**TASK PROMPT**
Produce exactly the lines from the one holding "Nyilvános 1201 |" through the last line of the data below, with every picture left out.

**INFORMATION SHOWN**
┌────────

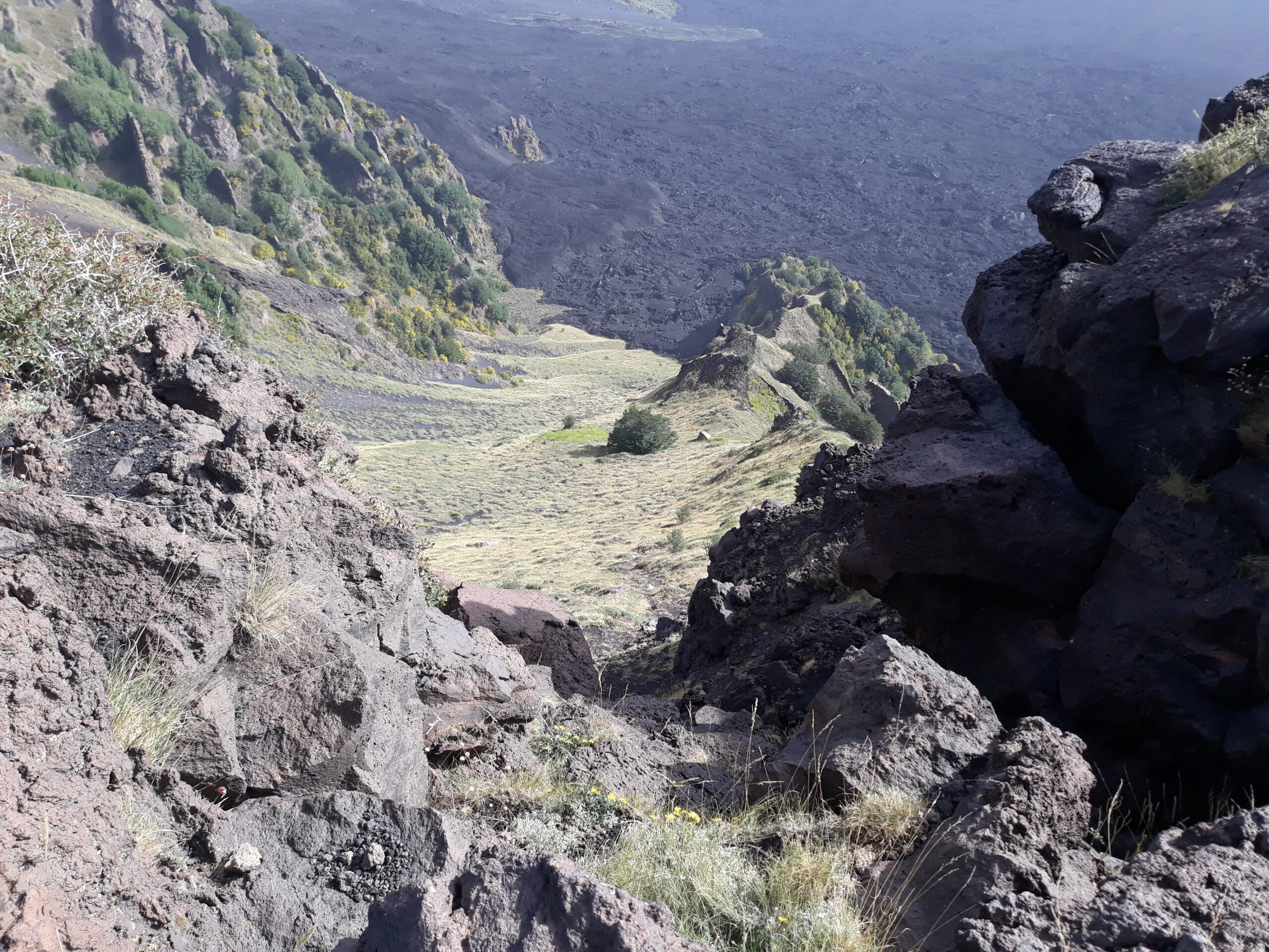 Arriviamo fino all’affaccio sulla spettacolare Valle del Bove, a circa 2200 metri: davanti a noi i resti degli antichi edifici vulcanici.
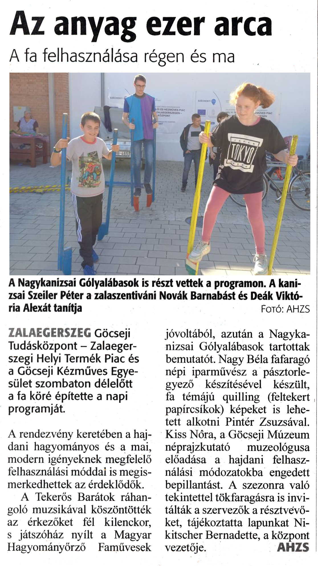 Nyilvános 1201 | 1431 | Zalai Hírlap 2023. október 17. 243. szám 16. oldal - Az anyag ezer arca | Az anyag ezer arca A fa felhasználása régen és ma A Nagykanizsai Gólyalábasok is részt vettek a programon. A kanizsai Szeiler Péter a zalaszentiváni Nóvák Barnabást és Deák Viktória Alexát tanítja Fotó: AHZS ZALAEGERSZEG Göcseji Tudásközpont - Zalaegerszegi Helyi Termék Piac és a Göcseji Kézműves Egyesület szombaton délelőtt a fa köré építette a napi programját. A rendezvény keretében a hajdani hagyományos és a mai, modern igényeknek megfelelő felhasználási móddal is megismerkedhettek az érdeklődők. A Tekerős Barátok ráhangoló muzsikával köszöntötték az érkezőket fél kilenckor, s játszóház nyílt a Magyar Hagyományőrző Faművesek jóvoltából, azután a Nagykanizsai Gólyalábasok tartottak bemutatót. Nagy Béla fafaragó népi iparművész a pásztorlegyező készítésével készült, fa témájú quilling (feltekert papírcsíkok) képeket is lehetett alkotni Pintér Zsuzsával. Kiss Nóra, a Göcseji Múzeum néprajzkutató muzeológusa előadása a hajdani felhasználási módozatokba engedett bepillantást. A szezonra való tekintettel tökfaragásra is invitálták a szervezők a résztvevőket, tájékoztatta lapunkat Nikitscher Bernadette, a központ vezetője. AHZS |
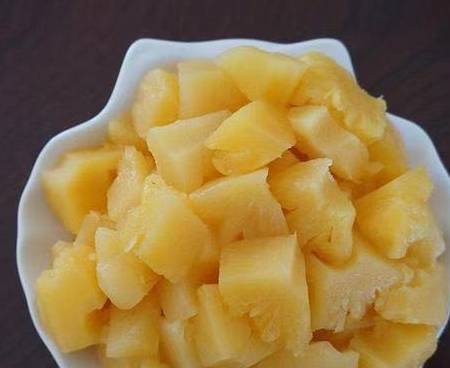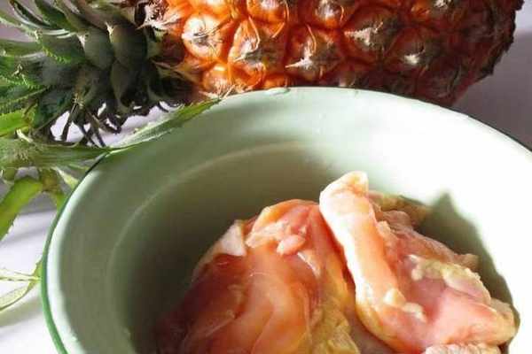 2.將菠蘿去皮,洗凈,切成丁;鍋中放清水,待水沸後放雞塊,待雞塊出花或出球狀時撈出。
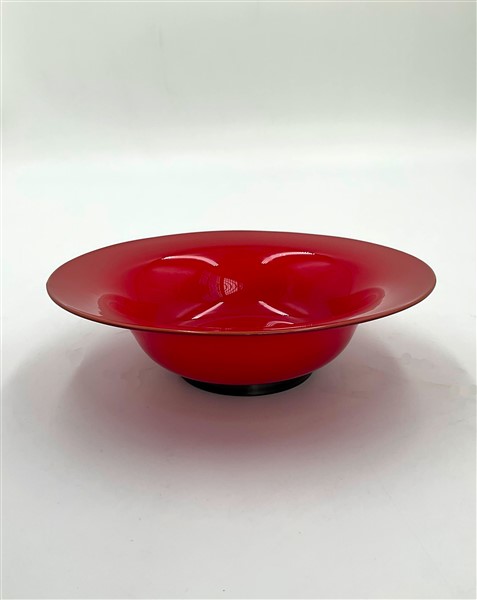 Centrotavola della serie "Opalini". Murano, 1989. Vetro rosso e base applicata nera. Firmato a punta sotto la base "Venini 89". (h cm 5,5; d cm 19)

└────────

**EXERCISE RESPONSE**
 Nyilvános 1201 | 1431 | Zalai Hírlap 2023. október 17. 243. szám 16. oldal - Az anyag ezer arca | Az anyag ezer arca A fa felhasználása régen és ma A Nagykanizsai Gólyalábasok is részt vettek a programon. A kanizsai Szeiler Péter a zalaszentiváni Nóvák Barnabást és Deák Viktória Alexát tanítja Fotó: AHZS ZALAEGERSZEG Göcseji Tudásközpont - Zalaegerszegi Helyi Termék Piac és a Göcseji Kézműves Egyesület szombaton délelőtt a fa köré építette a napi programját. A rendezvény keretében a hajdani hagyományos és a mai, modern igényeknek megfelelő felhasználási móddal is megismerkedhettek az érdeklődők. A Tekerős Barátok ráhangoló muzsikával köszöntötték az érkezőket fél kilenckor, s játszóház nyílt a Magyar Hagyományőrző Faművesek jóvoltából, azután a Nagykanizsai Gólyalábasok tartottak bemutatót. Nagy Béla fafaragó népi iparművész a pásztorlegyező készítésével készült, fa témájú quilling (feltekert papírcsíkok) képeket is lehetett alkotni Pintér Zsuzsával. Kiss Nóra, a Göcseji Múzeum néprajzkutató muzeológusa előadása a hajdani felhasználási módozatokba engedett bepillantást. A szezonra való tekintettel tökfaragásra is invitálták a szervezők a résztvevőket, tájékoztatta lapunkat Nikitscher Bernadette, a központ vezetője. AHZS |
 2.將菠蘿去皮,洗凈,切成丁;鍋中放清水,待水沸後放雞塊,待雞塊出花或出球狀時撈出。
 Centrotavola della serie "Opalini". Murano, 1989. Vetro rosso e base applicata nera. Firmato a punta sotto la base "Venini 89". (h cm 5,5; d cm 19)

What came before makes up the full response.